A physician, scientist and academic, he brought together experts across disciplines to focus on the economic, political and social causes of poor health, not just the biological factors.

Howard H. Hiatt, a physician, scientist and academic who reshaped the field of public health, steering it away from the narrow study of infectious diseases toward big-picture issues of fiscal and societal accountability in medicine, died on Saturday at his home in Cambridge, Mass. He was 98.

His son Jonathan Hiatt said the cause was pulmonary hypertension.

Harvard Public Health, a magazine published by the Harvard School of Public Health, where Dr. Hiatt was dean for 12 years, wrote in 2013 that Dr. Hiatt “made public health the conscience of medicine.”

Early in his seven-decade career, Dr. Hiatt worked in Paris with future Nobel Prize winners on the discovery of messenger RNA, a key element of cellular biology. He later visited the White House to urge President Ronald Reagan to end the nuclear arms buildup of the era, which Dr. Hiatt called “the final epidemic.”

A Harvard-trained physician who held leadership posts at some of the country’s most prestigious hospitals, Dr. Hiatt was an outspoken critic of the inequities in American health care.
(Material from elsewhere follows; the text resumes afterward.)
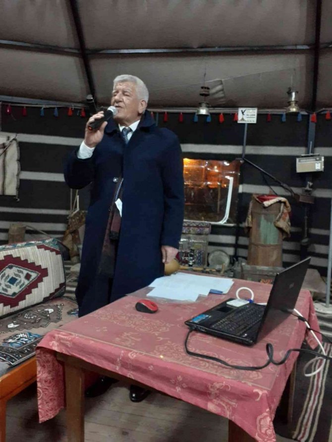 Derneğin denetim kurulu üyesi ve Muğla Sıtkı Koçman Üniversitesi Milas Meslek Yüksekokulu Öğretim Üyesi Mehmet Günlük tarafından yapılan açılış konuşmasının ardından söz alan Türkolog Ali Şahinoğlu, tarihin önemli anıları ve şiirlerini, sinevizyon eşliğinde izleyicilere aktardı.

He accused American medicine of having a bias toward expensive, high-tech treatments while excluding millions of people from basic care.

In a 1987 book, “America’s Health in the Balance: Choice or Chance?,” he argued for government-run universal health insurance, modeled on aspects of the systems in Britain, Canada and China. “I am particularly anxious to reach those who are so callous as to accept the prospect of two-class medicine in America,” he told The Toronto Star.

At the Harvard School of Public Health (now the Harvard T.H. Chan School of Public Health), where Dr. Hiatt was dean from 1972 to 1984, he brought experts together across disciplines, including biostatistics and health management, to focus on the economic, political and social causes of poor health, not just the biological factors.